For a well-rounded meal, combine your starchy items with a protein and fat source. This will keep you satisfied and energized for hours!
Meals and snacks benefit from the full, savory, and smooth taste that fats add, and our bodies benefit too! Our bodies are happiest when we are getting around 25-30% of our energy from fat. Some sources are healthier than others, reducing inflammation, reducing cholesterol, and supporting immunity. These can easily be incorporated into meals and snacks as a topping or a mix in.
Plant oils are a tasty and useful alternative to animal sources like butter, cheese, and lard. Olive oil is especially healthy; it has properties that benefit the heart, promote immunity, and fight cancer. Other healthy plant oils include avocado oil, canola, oil, peanut oil, safflower oil, and sesame oil. These can be used to fry or cook your meat and vegetables or mixed into any number of entrees and side dishes. Get the health benefits from these oils by swapping them out with animal sources. Store these oils in a cool, dark place in the pantry to keep them fresh.

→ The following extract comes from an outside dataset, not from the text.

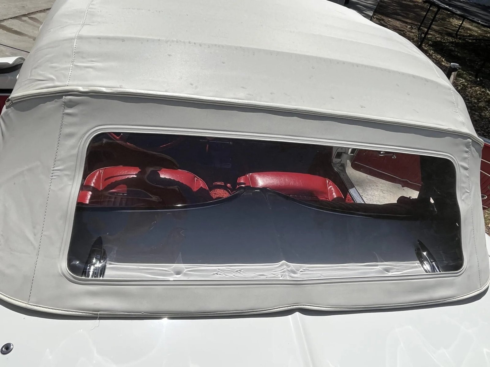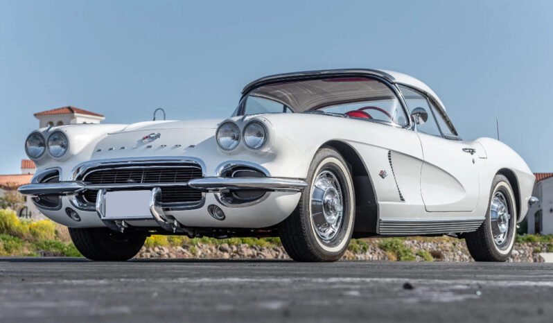 Power comes from a replacement 327ci V8 paired with a four-speed manual transmission, and the car is finished in white with a body-color removable hardtop over red vinyl upholstery.

Some foods contain omega-3’s fatty acids. These fat sources are thought to be good for brain health and protective against heart disease and inflammation, Sources to include in your diet are fatty fish (salmon, herring sardines, trout, mackerel), walnuts, flaxseed, chia seeds, and hemp seeds.
Tip: Check the back nutrition panel to see what kind of fat is in a food. Choose foods that are low in saturated fat and do not contain trans fat.
Flaxseed and chia seeds can be incorporated into countless recipes and dishes. A quick internet search provides endless options for including these items into foods you already eat every day!
A fun recipe to try:
Combine 1 cup of milk or a milk alternative with 3 Tbsp of chia seeds. Mix well and refrigerate overnight. In the morning, you will have chia pudding! Add in fruits, nuts, vanilla, cinnamon, or some sweetener to add to the flavor.
Other nutritious fats include avocado, olives, nuts and seeds of all kinds.
Tip: Whole-grain cereal can be a nutritious breakfast option, but many individuals do not eat cow’s milk due to preference or lactose intolerance. If this is you, there are many nut- based milks that you can substitute with the bonus of adding some healthy fat into your diet. Try using unsweetened almond, cashew, oat, rice, or flaxmilk instead!
About Fruits and Vegetables
Fruits and vegetables add add fiber, vitamins, and minerals to your diet. Each day, aim to get 2- 3 servings of vegetables and 1-2 servings of fruit. This can be eaten fresh, dried, from a can, or as a juice.
What fruits and vegetables are good healthy staples?
Fruits and vegetables of all kinds can be good staples. Pick any of your favorite produce and try to include them daily.
Fresh or frozen fruits and vegetables have the most vitamins and fiber. When buying canned or dried goods, look for low-sodium vegetables and look for fruits that have been packed in water or their own juice rather than syrup.
My vegetables keep going bad!
If you have trouble with vegetables going bad too quickly, try keeping frozen options on hand. These are just as nutritious if you cook them properly.
The best way to retain nutrients in vegetables is to steam them. Boiling them in water will cause nutrients to leech out, so the less water you cook them with the better.
Animal-based protein staples to have on hand are ground turkey, lean ground beef, chicken, or fish. Check the label for fat content; lean cuts with low saturated fat content are better for your heart. Eggs are a versatile and inexpensive food great for any kitchen. Low- fat cheese works great as a topping for many dishes.
We usually think of meat when talking about protein, but plant-based protein staples like beans, lentils, nuts, and tofu are super nutritious ways to get protein in. These foods double as sources of starch (beans) and fat (nuts) in addition to adding fiber, vitamins, and minerals to your diet.